▶ Description of the task:
Write the lines below out exactly, dropping each picture.

▶ Recorded data:
▽

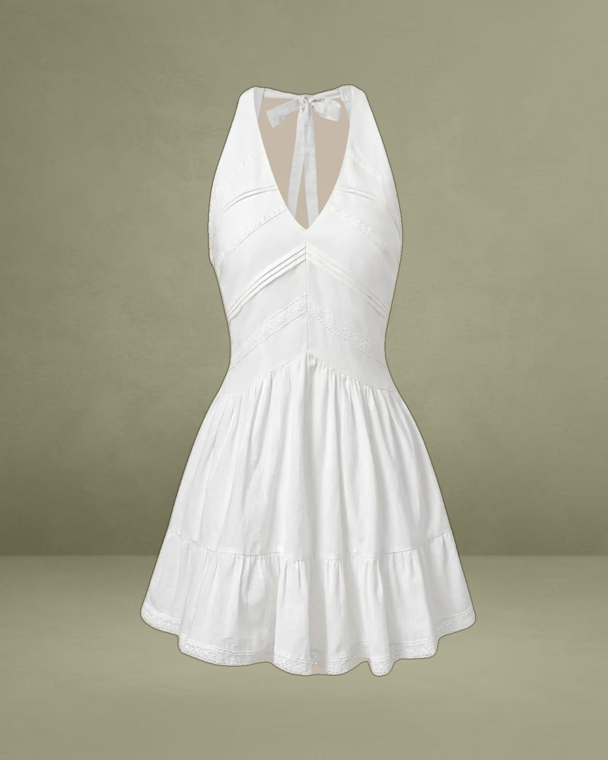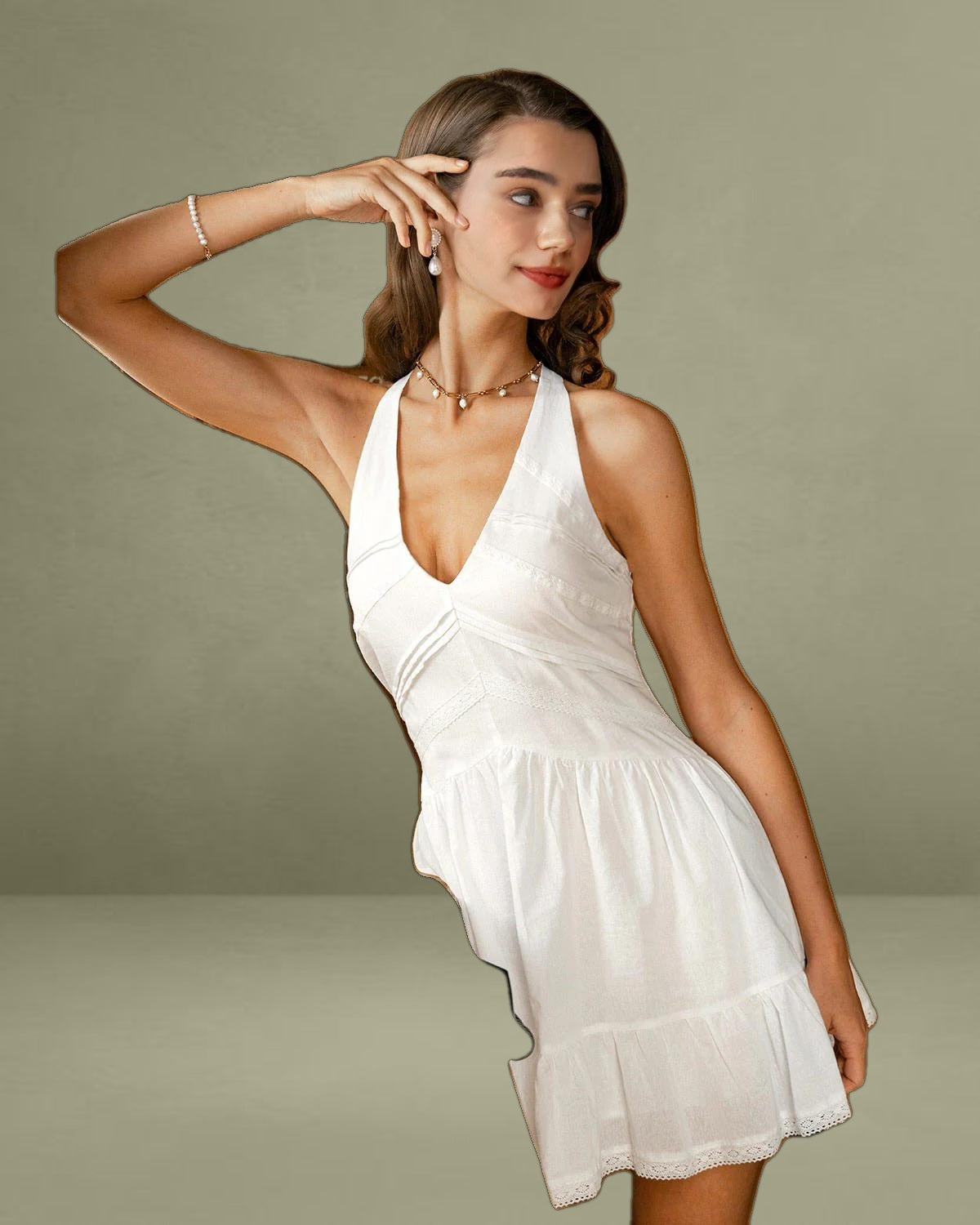 Designed to flatter, this chic piece features a plunging V-neckline, soft pleats that create graceful movement, and a daring open-back silhouette that adds a touch of allure. The crisp white fabric brings a fresh, clean vibe perfect for summer days, beach getaways, or dreamy date nights. Lightweight and breathable, it's the ultimate blend of comfort and style.
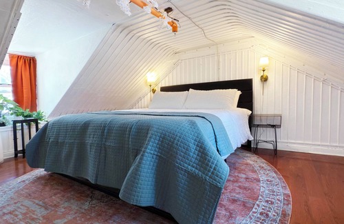 Stay in a vintage Japan–inspired apartment in the heart of the city. With a king bed, queen sleeper sofa, and twin sleeper sofa, it comfortably sleeps 5. Walk to the Kimmel Center, Academy of Music, and countless bars and restaurants—you won’t need a car for anything. Thoughtful design, unique décor, and a prime location make this the perfect spot for culture, nightlife, and comfort.
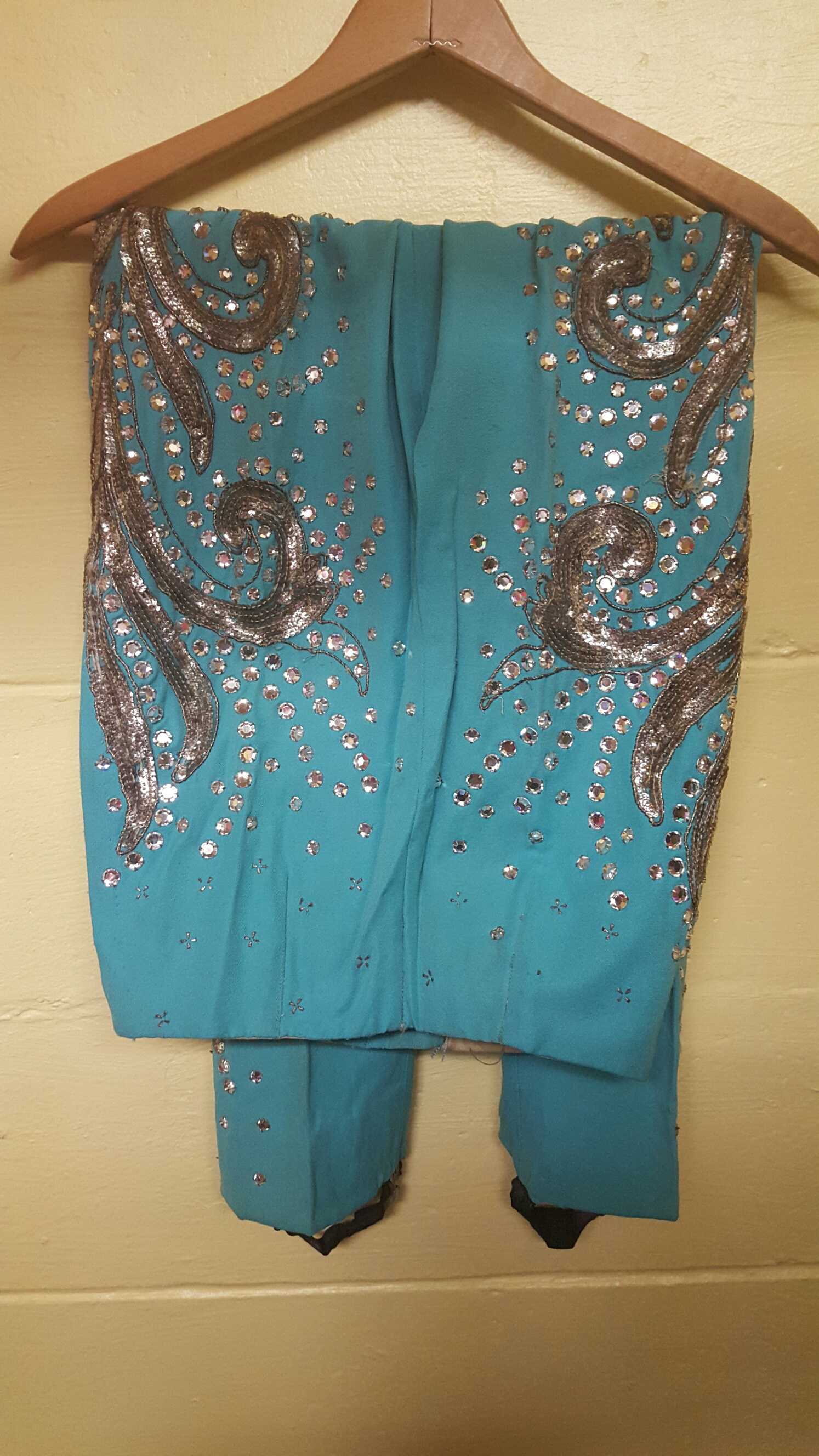 Vintage circus costume from the 1950s made by the Eaves Brooks costume company from NY possibly for ringling bros. The costume consists of pants and jacket with eaves-brooks label in the jacket

△

▶ Exercise result:
 Designed to flatter, this chic piece features a plunging V-neckline, soft pleats that create graceful movement, and a daring open-back silhouette that adds a touch of allure. The crisp white fabric brings a fresh, clean vibe perfect for summer days, beach getaways, or dreamy date nights. Lightweight and breathable, it's the ultimate blend of comfort and style.
 Stay in a vintage Japan–inspired apartment in the heart of the city. With a king bed, queen sleeper sofa, and twin sleeper sofa, it comfortably sleeps 5. Walk to the Kimmel Center, Academy of Music, and countless bars and restaurants—you won’t need a car for anything. Thoughtful design, unique décor, and a prime location make this the perfect spot for culture, nightlife, and comfort.
 Vintage circus costume from the 1950s made by the Eaves Brooks costume company from NY possibly for ringling bros. The costume consists of pants and jacket with eaves-brooks label in the jacket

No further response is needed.